The Families Who Are Ready
They’re not hard to spot.
They’ve already been unschooling for a while, or they came to it from the beginning and never looked back. They’ve read Peter Gray, or John Holt, or John Taylor Gatto, and they felt like someone had finally said out loud what they’d always known. They love being outside. They camp. They’ve been to Between the Rivers or Saskatoon Circle or another ancestral skills camp, and they’ve thought: what if childhood felt like this every week?
We’re a magnet for moms starving for community. We’re not just another park meetup where you see different faces every time and you have to be on alert because it’s a public park. We’re a real, recurring, rooted community where people know each other’s names and show up week after week and look out for each other’s kids, and for each other, too.
These families register the same day they visit.

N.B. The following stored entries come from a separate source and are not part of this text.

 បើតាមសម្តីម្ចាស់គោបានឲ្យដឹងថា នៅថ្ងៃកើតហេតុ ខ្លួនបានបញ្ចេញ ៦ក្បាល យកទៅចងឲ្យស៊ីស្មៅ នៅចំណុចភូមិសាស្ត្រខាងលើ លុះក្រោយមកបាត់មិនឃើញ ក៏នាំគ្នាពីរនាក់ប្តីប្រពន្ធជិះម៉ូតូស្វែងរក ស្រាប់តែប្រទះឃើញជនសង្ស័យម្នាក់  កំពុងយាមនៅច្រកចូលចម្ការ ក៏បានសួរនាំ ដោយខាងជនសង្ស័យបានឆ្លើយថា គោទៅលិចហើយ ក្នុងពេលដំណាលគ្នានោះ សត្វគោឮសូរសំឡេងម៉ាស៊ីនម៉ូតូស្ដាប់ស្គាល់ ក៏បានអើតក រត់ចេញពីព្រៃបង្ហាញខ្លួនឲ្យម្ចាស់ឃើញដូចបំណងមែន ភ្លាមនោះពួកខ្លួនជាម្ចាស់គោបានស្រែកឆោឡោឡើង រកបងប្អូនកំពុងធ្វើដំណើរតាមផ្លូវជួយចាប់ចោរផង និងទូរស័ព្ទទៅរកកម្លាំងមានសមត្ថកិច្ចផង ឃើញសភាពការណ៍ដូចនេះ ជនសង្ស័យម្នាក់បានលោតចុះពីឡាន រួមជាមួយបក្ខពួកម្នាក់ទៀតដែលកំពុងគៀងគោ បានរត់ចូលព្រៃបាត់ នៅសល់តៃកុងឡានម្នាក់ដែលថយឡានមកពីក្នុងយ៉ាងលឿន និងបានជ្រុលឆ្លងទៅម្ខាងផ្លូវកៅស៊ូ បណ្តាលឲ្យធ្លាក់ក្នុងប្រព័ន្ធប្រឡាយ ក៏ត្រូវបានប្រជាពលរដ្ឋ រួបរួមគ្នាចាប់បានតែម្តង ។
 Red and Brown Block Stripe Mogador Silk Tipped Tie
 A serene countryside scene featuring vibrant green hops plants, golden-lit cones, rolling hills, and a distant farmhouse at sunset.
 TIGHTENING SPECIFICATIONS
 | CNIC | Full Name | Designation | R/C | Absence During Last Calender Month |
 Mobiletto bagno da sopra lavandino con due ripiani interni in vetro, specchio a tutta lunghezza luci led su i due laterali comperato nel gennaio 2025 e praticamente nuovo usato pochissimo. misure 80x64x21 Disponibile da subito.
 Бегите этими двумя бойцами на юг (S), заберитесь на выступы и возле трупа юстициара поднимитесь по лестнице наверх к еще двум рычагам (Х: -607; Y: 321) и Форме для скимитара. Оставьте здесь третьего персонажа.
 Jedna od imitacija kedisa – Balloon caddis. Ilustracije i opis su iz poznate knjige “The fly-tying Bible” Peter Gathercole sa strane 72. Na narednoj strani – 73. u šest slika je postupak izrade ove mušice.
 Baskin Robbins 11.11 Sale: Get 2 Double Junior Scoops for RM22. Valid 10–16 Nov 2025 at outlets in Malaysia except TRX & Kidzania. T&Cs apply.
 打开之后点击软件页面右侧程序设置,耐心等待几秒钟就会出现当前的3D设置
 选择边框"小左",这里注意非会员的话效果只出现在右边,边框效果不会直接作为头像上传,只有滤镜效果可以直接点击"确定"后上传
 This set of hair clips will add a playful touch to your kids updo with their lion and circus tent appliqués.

Sometimes during the visit. Their kids don’t want to leave.
So I Rebuilt the Website
I’ve been running the Spokane Learning Co-op since September 2024, and I’ve lost count of how many versions of our website we’ve been through. Each one has been an attempt to help the just-right families find us.
This time, I did something I’ve never seen another school or co-op do. I built a page called Who Thrives Here. It describes, honestly and specifically, the families who tend to fall in love with us the moment they arrive. It also describes the families who might not be ready yet, and why, and what to do instead.
It mentions our camp toilet. Upfront. The families who love us most are the ones who don’t care about that.
If you’re in the Spokane area and you’ve been looking for this kind of community for you and your kids, come see us. Scheduling a visit is now as simple as filling out a short form.




What a great way to capture the families that will be a good fit. The dynamics you describe resonate with our co-op’s experience as well. (Bungalow Lane ALC in Fresno). Trying to accommodate a child/family that isn’t ready is a uniquely agonizing experience.